Spreading unrest in Iraq is making some in Washington wonder if armed opposition to US and British forces there is more organized and pervasive than previously believed.
US defense officials say they have no evidence that they are facing an underground national Iraqi resistance movement. The recent spate of fatal attacks on allied troops simply reflects the fact that security in the country is "a little uneven," in the words of Gen. Richard Myers, chairman of the Joint Chiefs of Staff.
Coordination of these attacks is "undetermined," he says.
But violence in the previously quiet south, combined with apparent sabotage of oil equipment, leads other analysts to suspect that small networks of hardened fighters loyal to Saddam Hussein are beginning to reconstitute themselves. The next few weeks thus might be a crucial time in the US-led effort to rid the country of all vestiges of the Hussein regime.

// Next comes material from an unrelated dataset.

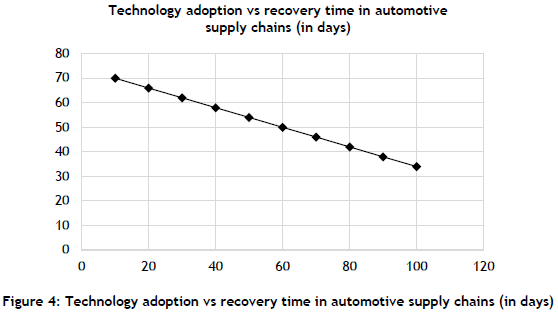 The scatter plot of technology adoption rates versus recovery times revealed a strong negative correlation (r = -0.75). This indicated that recovery times significantly decreased as the technology adoption level increased. For example, suppliers that had integrated the IoT and predictive analytics into their operations experienced average recovery times of 34 days, compared with 75 days for those with minimal digital adoption. The trend line derived from the data analysis supported this relationship further, showing a consistent decline in recovery times with higher levels of technology adoption.
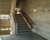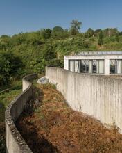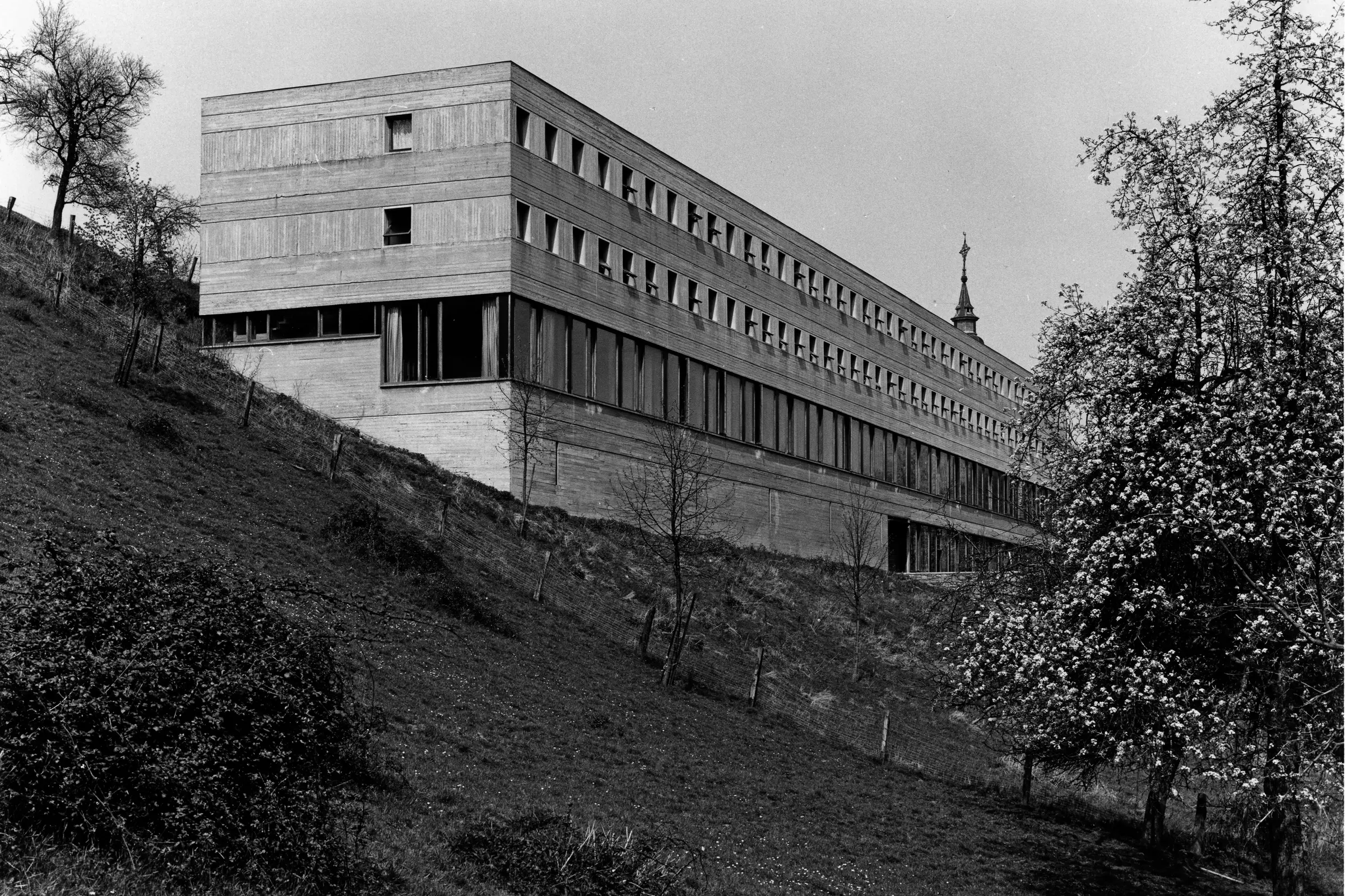 Le site est exceptionnel : sur les hauteurs de la vallée de la Sambre et à côté d'une abbaye dont les principaux édifices ont été bâtis entre le XIIe et le XVIIIe siècle. Le terrain destiné à accueillir la nouvelle aile possède une très forte déclivité. L'architecte y implante un volume long de 90 m parallèlement aux courbes de niveau, qu'il situe dans le prolongement des terrasses existantes, permettant d'y accéder. Le bâtiment abrite des classes de l'école secondaire, des laboratoires de sciences, une salle de gymnastique en contrebas et cent vingt chambres pour les élèves. Le tout est aménagé dans un souci de compacité et d'économie de moyens. Les élévations sont fortement caractérisées par l'expression des jeux mis en place pour le coffrage du béton. Le matériau est laissé brut de décoffrage. La fonction des étages est exprimée par le choix des typologies d'ouvertures : des fenêtres carrées pour les chambres, un bandeau de vitrage continu pour les classes. Cette épaisse ligne horizontale d'ouvertures confère un sentiment de légèreté à la massivité du volume en béton.

These small groups "have been doing a halfway decent job of slowing down the US effort to stabilize the country," says Patrick Garrett, a military analyst at GlobalSecurity.org.
If nothing else, the pockets of violent resistance to the US and British presence have been inflicting a steady toll of casualties.
Since President Bush declared on May 1 that major fighting in Iraq was over, 56 American troops have been killed.
By way of contrast, in the war that preceded Mr. Bush's statement, there were 102 US combat fatalities.
In the latest troubling incident, six British soldiers were killed on Tuesday while training police in southern Iraq. Eight other British troops were wounded.
At time of writing, the circumstances of these attacks - the worst suffered by the British since the end of the war - were still unclear. Witnesses told reporters that local residents had become incensed as British forces aggressively searched their homes for guns.
Meanwhile, in recent days much of Baghdad has gone without electricity or water. The cause of this hardship? Sabotage by die-hard believers of Mr. Hussein's Baath Party, said L. Paul Bremer, US administrator in Iraq, in a news conference on Wednesday.
"Almost certainly the saboteurs are rogue Baathist elements," said Mr. Bremer. "They are trying to hinder the coalition efforts to make life better for the average Iraqi person."
Many different elements that benefited from Hussein's rule pose a threat to coalition forces, notes one defense official who studies the situation. These include former military members, some religious leaders, terrorists, and outright criminals.
More than half of the attacks against coalition forces have come when they have gone out looking for such people, notes this source.
"They are sticking their hand in the hornet's next and getting stung," he says. "That comes with the territory while you do your job."
Some aspects of recent attacks have been troublesome. The British had previously thought southern Iraq to be so safe that some patrols were carried out on bicycles, for instance. The sheer number of attacks, and their grouping, suggests that there might be some amount of coordination.
But there seems to be little command-and-control within each attack. They seem almost random. With the exception of Tuesday's attack on British troops, each one by itself inflicts little damage.
Those carrying out the attacks are just opportunists who need money, says Waria Nameek, Washington-based director of a group of formerly exiled anti-Hussein Iraqis.
The Baath Party provides the money, and the guns. "It's not that organized," he says.